TOKYO -- Few names in global markets are as hot as Tesla right now.
The electric-car company raced past Toyota Motor on July 1 to become the world's most valuable automaker. Its market capitalization hit $332.9 billion on Monday -- as large as Japan's seven biggest auto manufacturers combined.
Tesla's stock chart calls to mind dot-com companies during the 1999 boom and bitcoin's meteoric climb in 2017, but its gains have some basis in reality. The transition from internal-combustion engines to electrics is a real trend, which partly explains why investors have remained steadfast as the company's valuation approaches tech-giant levels.
But expectations of high growth cannot fully account for Tesla's exponential rise. It appears that some investors have bought into the stock with the belief that someone else would buy it from them at an even higher price.
Who this "someone else" is seems clear: passive investment vehicles such as index-linked exchange-traded funds.

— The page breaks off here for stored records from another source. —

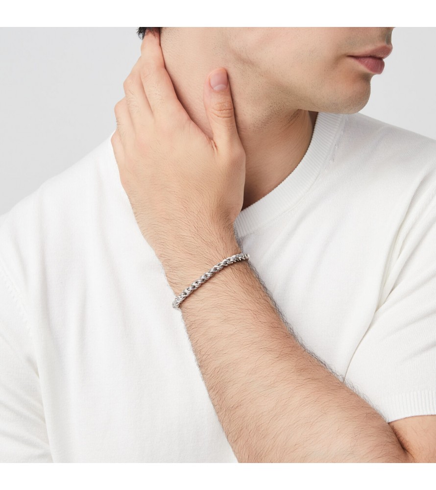 Classica e rivisitata, questa catena treccia in argento si trasforma in un bracciale sobrio e comodissimo da indossare. Tutta l'eleganza e la luminosità di un metallo nobile che non invecchia mai.
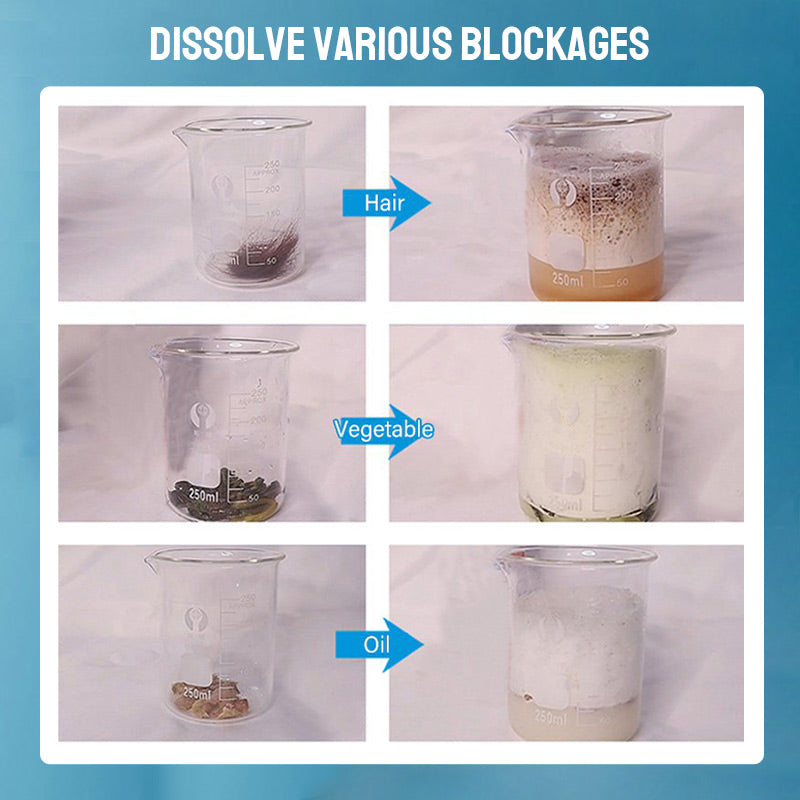 * Leistungsstarke Funktion: Es kann Rohrverstopfungen wie Haare, Papier, Seifenreste, Gemüse, Obst, Essensreste, Fett und organische Stoffe schnell beseitigen.
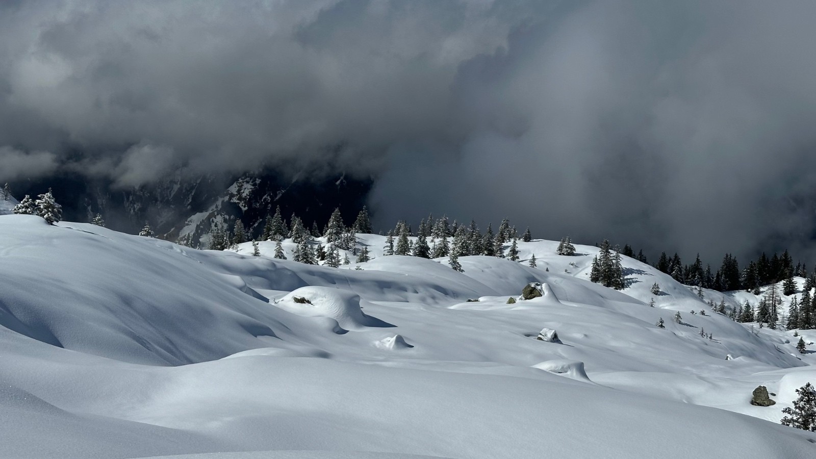 Conditions nivo et activité avalancheuse : Neige fraiche, environ 10 cm au-dessus de 1600m.
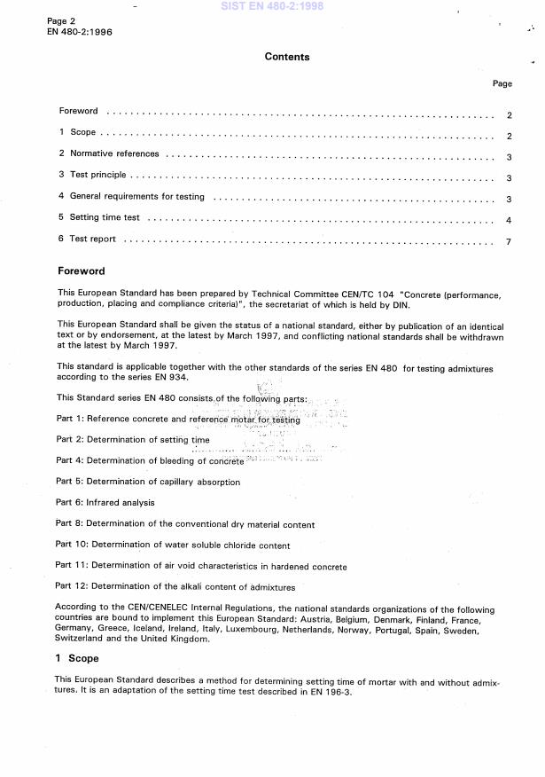 EN 480-2:1996 is a standard published by the European Committee for Standardization (CEN). Its full title is "Admixtures for concrete, mortar and grout - Test methods - Part 2: Determination of setting time". This standard covers: This European Standard describes a method for determining setting time of mortar with and without admixtures. It is an adaptation of the setting time test described in EN 196-3. This standard describes the reference method; it allows the use of alternative apparatus as indicated in notes provided that they do not effect the results.

When Tesla announces April-June earnings on Wednesday, it is widely expected to report a fourth straight quarter of net profits, meeting the last remaining requirement for inclusion in the S&P 500. Roughly $4.4 trillion is invested in funds linked to the benchmark index, and Tesla's inclusion would spur the purchase of an estimated 25 million shares in the automaker -- regardless of price.
Investors are bidding up the stock in anticipation of this wave of automatic buying.
The "greater fool" theory posits that one can purchase overvalued securities if there is someone else waiting in the wings willing to pay an even higher price.
When passive investing was first developed in the 1970s, it was meant to be a smart approach to asset management characterized by low costs and efficiency. Now it appears that passive indexes, with their outsize scale, have adopted the role of the bigger fool, introducing market distortions in their wake.